トマトやチーズそのものの甘さ、そして食パンの甘さにほっと癒される。

キャンプ最終日は、どれだけ余りの食材を減らせるかという勝負の日でもある。
オリーブオイルの代わりにごま油とお醤油をかけた食パンで、とろけるチーズとキムチを挟んでみたり。
オリーブオイルと塩だけでしんなりと味をつけた焼き茄子の余りも、お皿の上で少し冷めていたので挟んでみたり。

ホットサンド、という響きはこれまで私にとって決して魅力的なものではなかった。
子供の頃、休日の朝食に時折出されたホットサンドの具は、ハムやプロセスチーズ、バナナなど。
好きになれなかったのは、その頃とても苦手だったプロセスチーズが入っていたからか。
齢26歳にして、ようやくホットサンドを愛おしく思えるようになった。

早速自分でもホットサンドクッカーを購入した。色々とネットで調べた結果、大好きなCHUMSのものに決定。
焼き上がりの評判もよいし、上下を分離できるので洗いやすく、何より大きく型どられたブービーバードがかわいい。

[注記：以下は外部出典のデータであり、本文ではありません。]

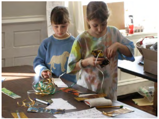
Making bookmarks for the recipients of the HUUGS boxes

Kindergartners through 6^{th} graders once again explored the many sides of peace and peacemaking this past January and February. As many of you noticed, we had a peace building center going on every Sunday, as well as a -tiled" peace wall. We expanded our economic and social justice learning to include fair trade bananas , along with the now usual fair trade chocolate. We wrote a letter to Shaw's and Roche Bros. Supermarkets asking that they consider selling fair trade bananas, just as they now offer fair trade chocolate, cocoa, coffee, and tea.

買ったばかりのホットサンドクッカーを使って、自宅で休日の朝食を作った。日が経って少し水分が飛んだカレーと、とろけるチーズを挟んでみた。
余りものを、なんでもかんでも挟めるのがホットサンドの醍醐味だと思う。

先日、朝霧JAMなるフェスに行った際にもホットサンドクッカーを持っていき、ふもとっぱらキャンプ場で朝からホットサンドを作った。
具は友人が作ってくれたものと同じ、トマトととろけるチーズ。シンプルだけれど美味しくて、すっかり気に入ってしまった。
少し肌寒い朝に、ホットサンドはぴったりだ。

だんだんと、美味しく仕上げるコツを掴めてきた気がする。
食パンは6枚切りのものがなかなかいい。特にチャムスのホットサンドクッカーを使う時は、8枚切りよりも端が上手く閉じやすい。たまたまスーパーで8枚切りの食パンが売り切れていたため6枚切りで作ることになったが、嬉しい偶然だった。
とろけるチーズは必ず2枚使う。1枚だととろとろ具合に欠ける。2枚使うと、ホットサンドを半分にわけた時に切り口からとろりとチーズが溢れ出して、見た目にも美味しそう。3枚、4枚は試していないけれどカロリーが少し気になる。

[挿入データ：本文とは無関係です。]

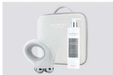
NUFACE NuBODY Skin Toning Device Set $267.33 after sale $399 5832734
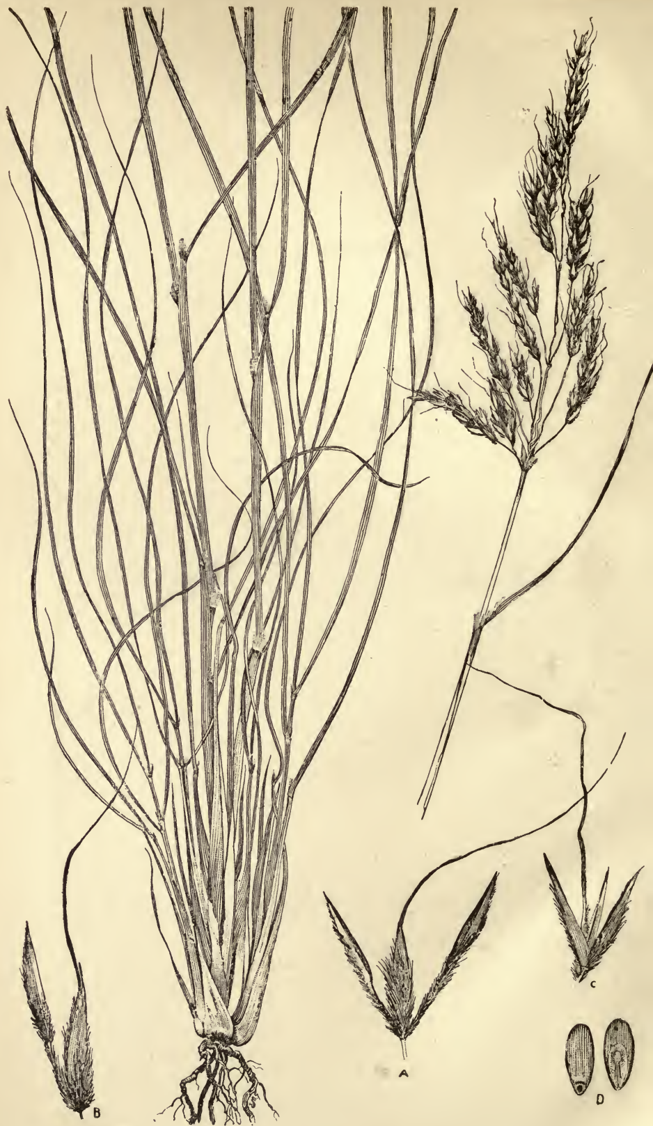
Sorghum plumosum , Beauv.
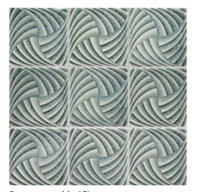
Stream crackle (C)
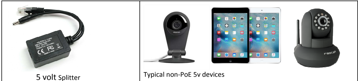
5 volt Splitter
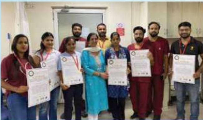
Fortis Hospital, Noida

家でも野外でも、かわいいかわいいCHUMSのホットサンドクッカーをたくさん活用したいなあと思う。
電気で作れるものも手軽でよさそうだけれど、クッカーを裏返しながら火でじっくり熱を入れていく静かな時間が好き。
次は、マーマレードとクリームチーズで、濃いコーヒーに合いそうなホットサンドを作ろうと目論見中。